Problem statement>
Once the line holding "Seungyeon is seen" appears, repeat it and each line after it to the end of the data, exactly and with nothing else; pictures stay out.

Collection entries
********************
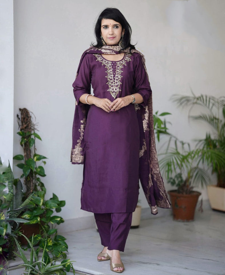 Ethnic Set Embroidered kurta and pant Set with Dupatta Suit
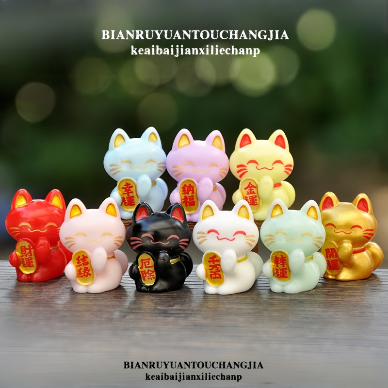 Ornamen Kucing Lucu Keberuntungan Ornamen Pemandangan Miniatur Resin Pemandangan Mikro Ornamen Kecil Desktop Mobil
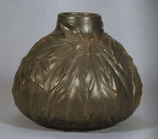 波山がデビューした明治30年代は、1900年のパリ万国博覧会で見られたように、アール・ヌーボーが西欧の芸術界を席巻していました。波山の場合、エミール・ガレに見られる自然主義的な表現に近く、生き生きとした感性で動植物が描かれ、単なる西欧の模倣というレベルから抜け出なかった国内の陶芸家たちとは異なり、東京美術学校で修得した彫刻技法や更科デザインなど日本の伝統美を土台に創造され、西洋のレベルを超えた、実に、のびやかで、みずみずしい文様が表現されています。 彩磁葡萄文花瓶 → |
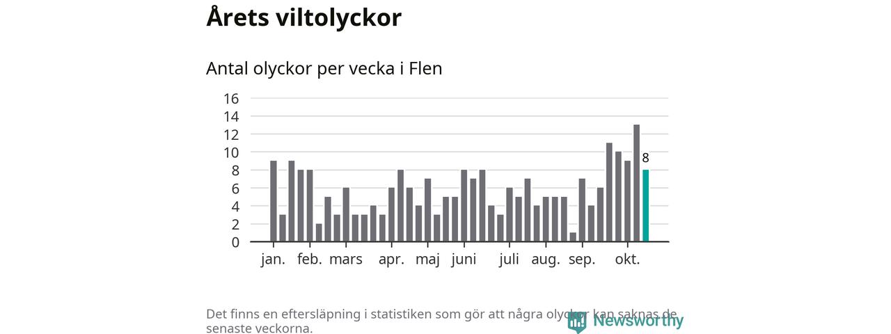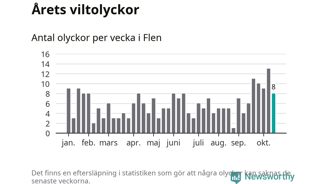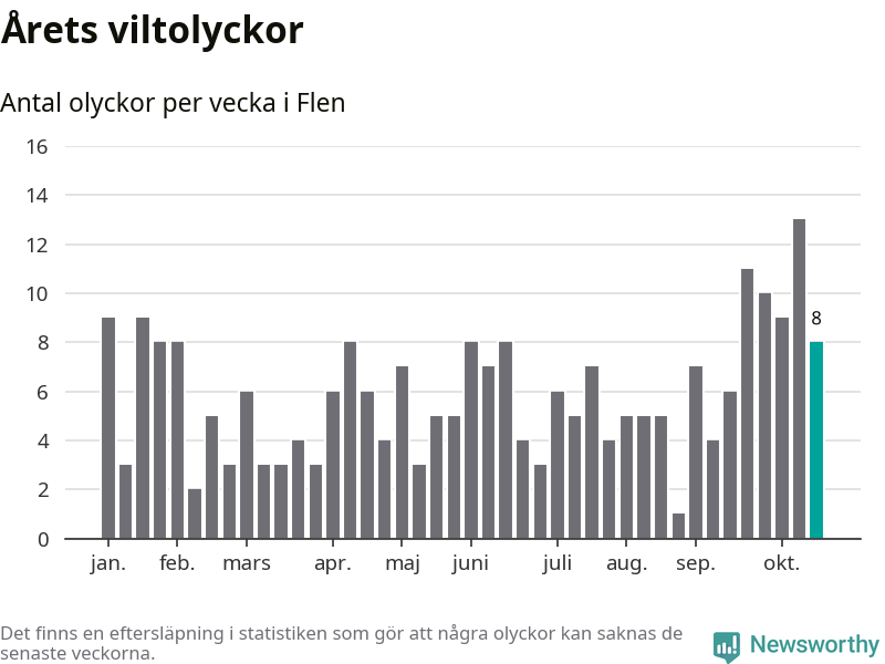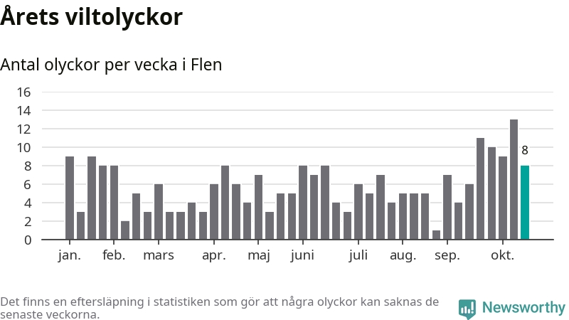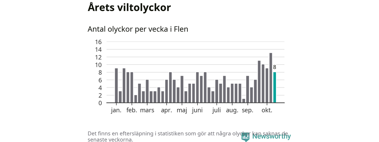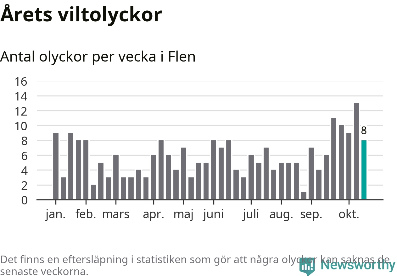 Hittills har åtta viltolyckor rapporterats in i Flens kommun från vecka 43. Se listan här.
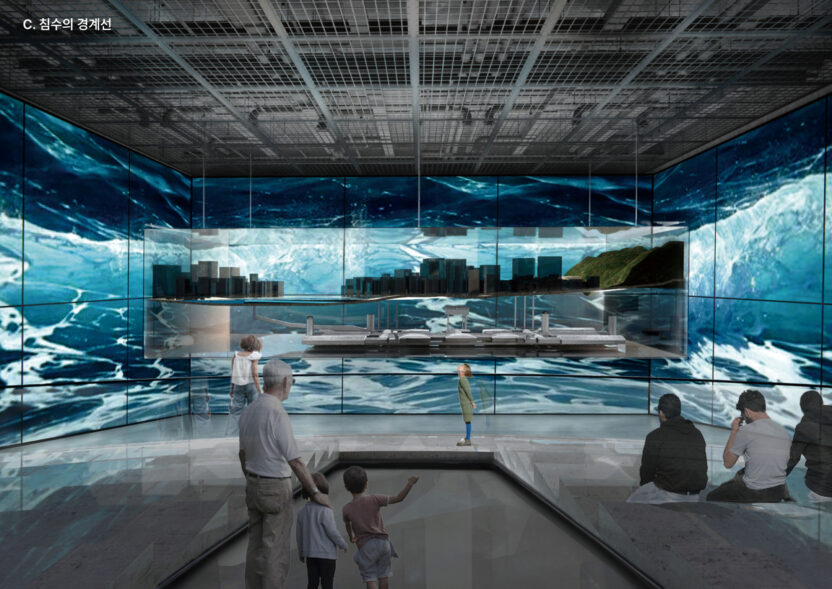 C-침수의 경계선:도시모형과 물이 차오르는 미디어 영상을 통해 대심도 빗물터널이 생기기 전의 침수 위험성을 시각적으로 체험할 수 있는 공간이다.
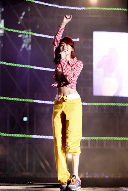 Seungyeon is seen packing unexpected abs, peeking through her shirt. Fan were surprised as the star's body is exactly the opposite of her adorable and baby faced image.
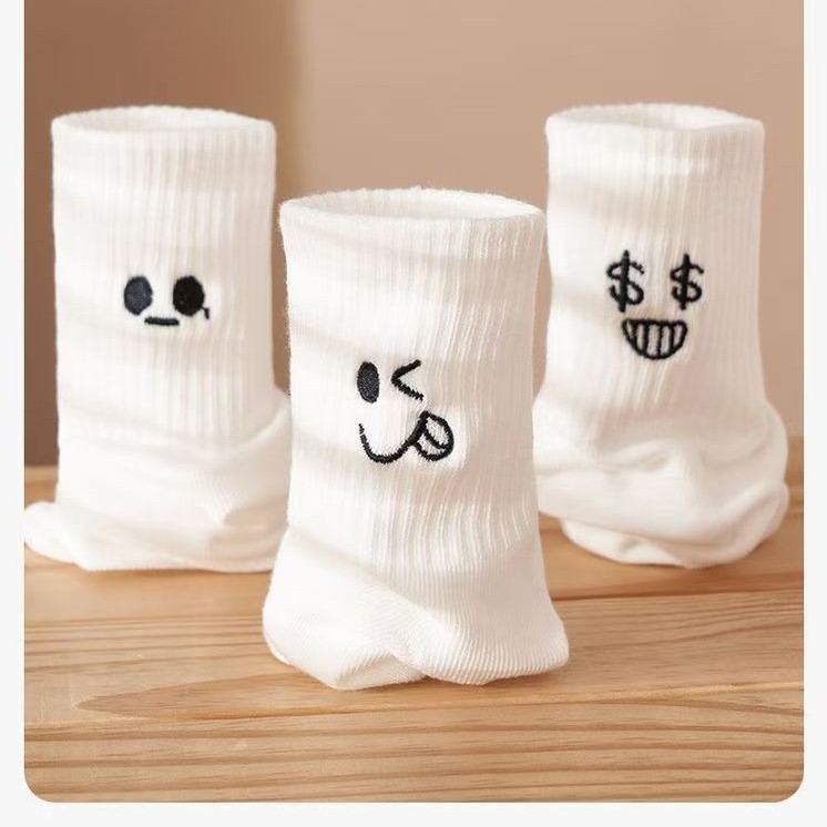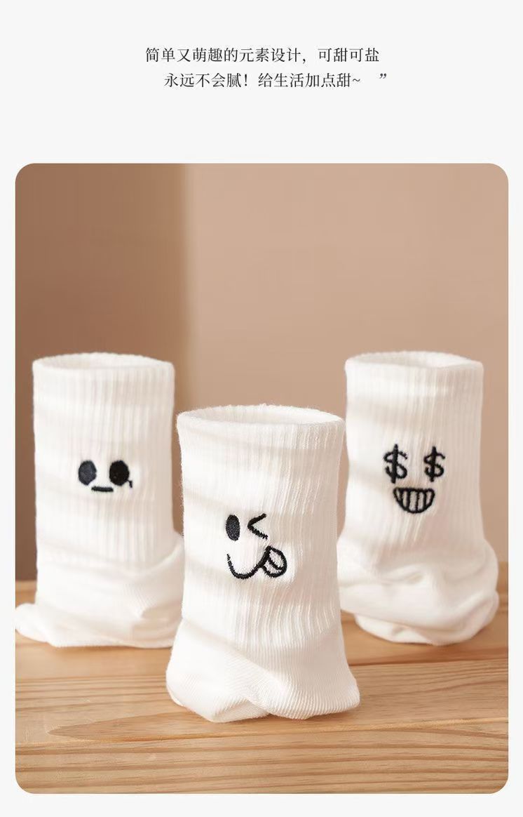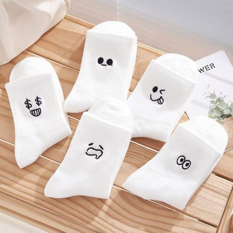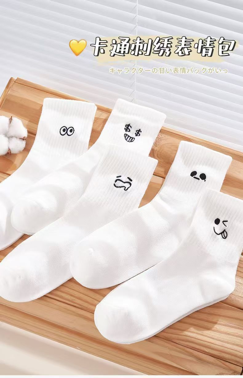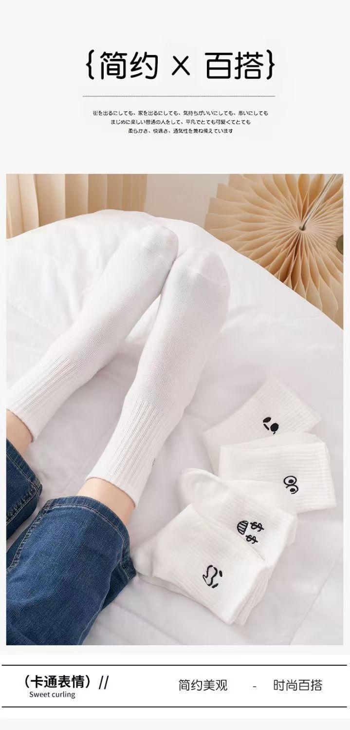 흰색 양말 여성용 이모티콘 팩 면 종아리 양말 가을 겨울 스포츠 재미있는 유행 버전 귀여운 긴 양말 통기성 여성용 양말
********************
Response area>
 Seungyeon is seen packing unexpected abs, peeking through her shirt. Fan were surprised as the star's body is exactly the opposite of her adorable and baby faced image.
 흰색 양말 여성용 이모티콘 팩 면 종아리 양말 가을 겨울 스포츠 재미있는 유행 버전 귀여운 긴 양말 통기성 여성용 양말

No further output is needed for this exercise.